Correcting lenticular astigmatism by reinstating the correct neuromuscular message

Med Hypotheses. 2013 Jul;81(1):36-40. doi: 10.1016/j.mehy.2013.03.041. Epub 2013 Apr 29.


The problem: The spasm of the oblique muscles can contribute to lenticular astigmatism. The visual cortex interprets the tension of the oblique muscles as an eye that is in near focus mode. It overrides the response to the information generated by depth perception to bring a distant image into focus. Any excessive effort to bring it into focus will not be successful and continuing to make that effort can cause a misalignment in the tension of the rectus muscles. This in turn can directly induce corneal astigmatism and indirectly induce lenticular astigmatism. The astigmatic eye can still bring a near image into focus, but a distant image remains aberrant.

Methodology: The design of a special contact lens to treat lenticular astigmatism is similar to the design of a contact lens to treat corneal astigmatism by means of orthoculogy (or ortho C) as outlined in the paper Correcting Corneal Astigmatism by Reinstating the Correct Neuromuscular Message. The ortho C lens is worn for about two minutes to attend to the blur and distorted aspects of "simple myopic astigmatism". Both of these refractive errors are corrected simultaneously.

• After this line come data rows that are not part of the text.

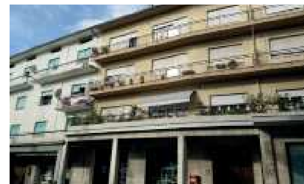
Vista esterna della proprietà

I serramenti esterni al piano terra presentano un'intelaiatura in alluminio anodizzato e pannellature in vetrocamera, mentre ai piani superiori presentano profilature in legno laccato e sono muniti di elementi oscuranti avvolgibili in pvc.
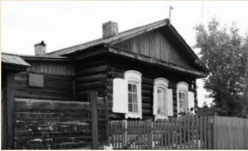
Дом в Аталанке, где прошло детство писателя

Мальчик рос удивительно смыслённым и пытливым. Он читал всё, что попадалось в его руки: обрывки газет, журналы, книги, которые можно было раздобыть в библиотеке или в домах односельчан. После возвращения с фронта отца в жизни семьи, как казалось, всё наладилось. Мама работала в сберкассе, отец, герой-фронтовик, стал заведующим почтовым отделением. Беда пришла откуда-то откуда её никто не ждал. украли сумку с казёнными деньгами. Заведующего судили и отправили отбывать срок на Колыму. Трое детей остались на попечении матери. Для семьи начались суровые, подуглоподные годы.
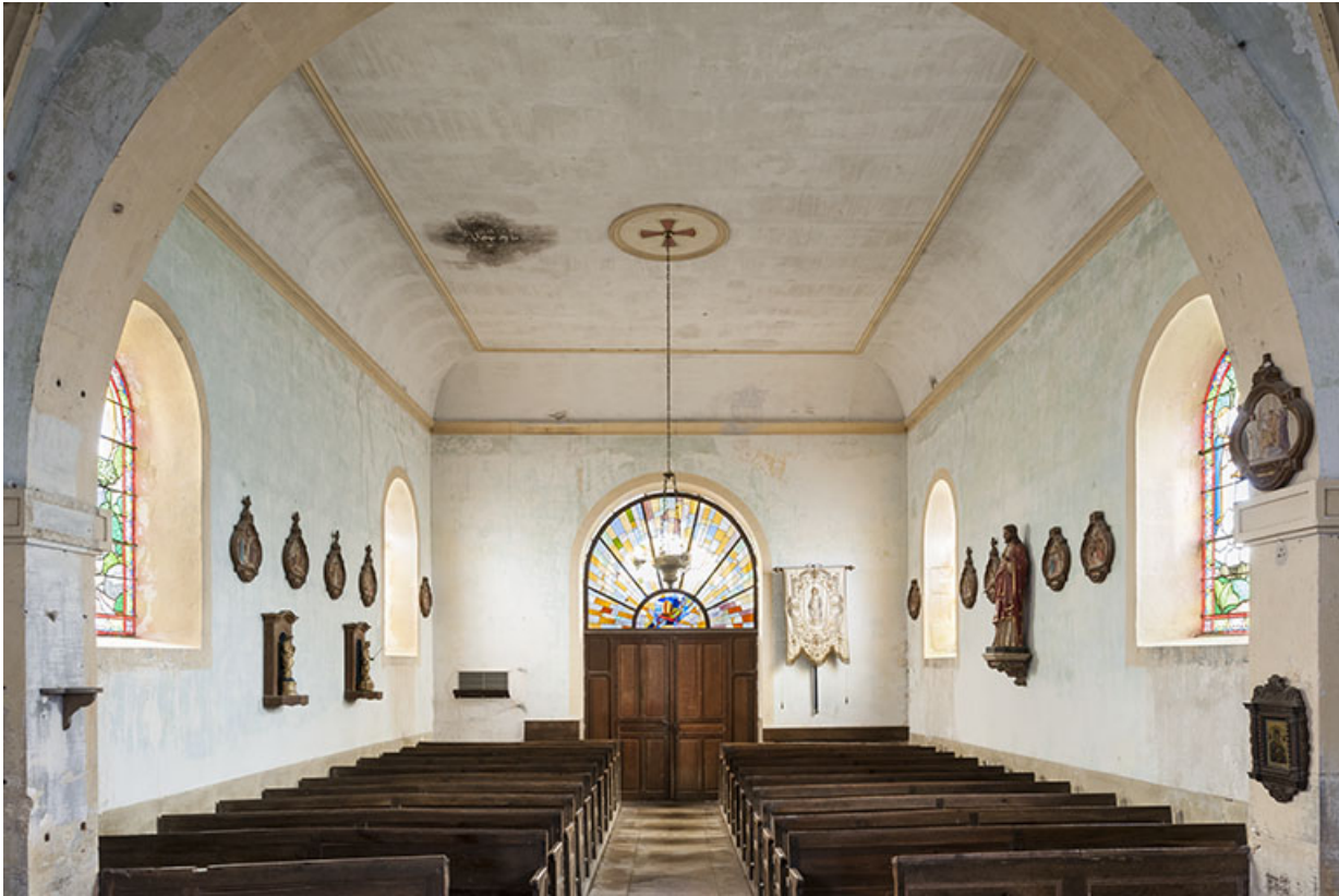
Vue générale depuis le chœur.
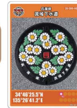
【マンホールカード】
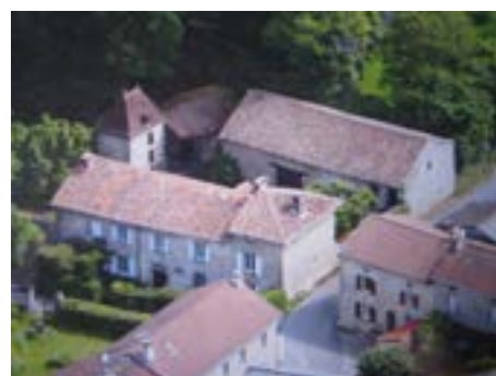
Vue aérienne de l'ensemble des bâtiments

Accès handicapé. Mesures sanitaires respectées.
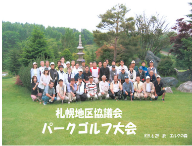
札幌地区協議会 親睦パークゴルフ大会
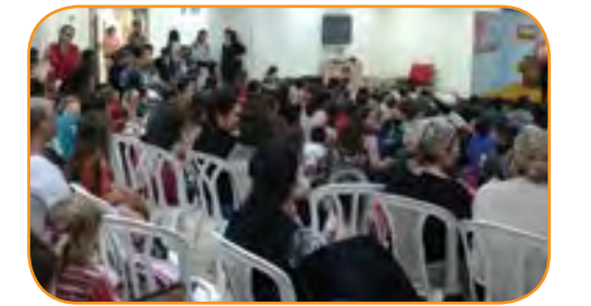
ב-300 הורים וילדים בהופעה חגיגתית במרכז הנוער והצעירים השכונתי

• סטטוס התקדמות פארק נוה גן - כפי שהתפרסם באתר השכונה, בפגישה של ועד נוה גן בתחילת פברואר בלשכת מנכ"ל העירייה סוכם כי מספר משרדי אדריכלים יוזמנו להציע סקיצות המתבססות על הקווים הכלליים שנבחרו עבור פארק נוה גן. מבין האדריכלים ייבחר מנצח (הבחירה תתבצע על ידי אנשי מקצוע ומספר נציגים מהשכונה), אשר יחל בתכנון המפורט של הפארק. לאחרונה ועד נוה גן סייע לאגף גנים ונוף בעירייה בהכנת מכתב פנייה לאדריכלים, הכולל מצגת על השכונה. כמו כן הועד עודכן כי התקציב לצורך התחרות הנ"ל כבר אושר על ידי מנכ"ל העירייה, בהתאם להנחיותו ולאישורו של ראש העיר עו"ד איציק ברוורמן אשר נותן לנושא פארק נוה גן עדיפות גבוהה ביותר - ועל כך אנו מודים לשניהם, וכמו כן גם לאגף גנים ונוף!
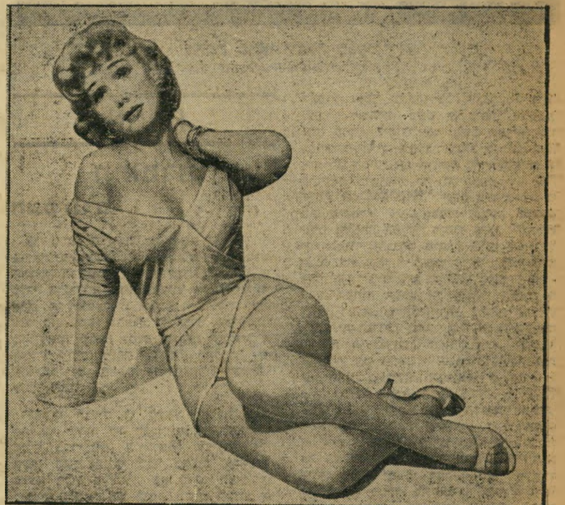
כוכבת גריי, אשת האופנה" האשה החדשה בבית האהובה לשעבר

יתכן ואין זה סרט חינוכי לנערים, אולם יש בו לקח רב להורים. לקח רב יותר יש בסרט, המצטיין ביום ובמשחק צח-

Results: Once the oblique muscles become "loose" due to a "contact lens draw", it triggers the visual cortex to reinstate the proper neuromotor message to stimulate the ciliary muscle (the muscle that controls the shape of the crystalline lens) to relax along a certain meridian-which in turn "flattens" the crystalline lens along that meridian to bring a blur and distorted image in the distance into focus. The correction only takes a few minutes because the ciliary muscle of an astigmatic eye was not compromised.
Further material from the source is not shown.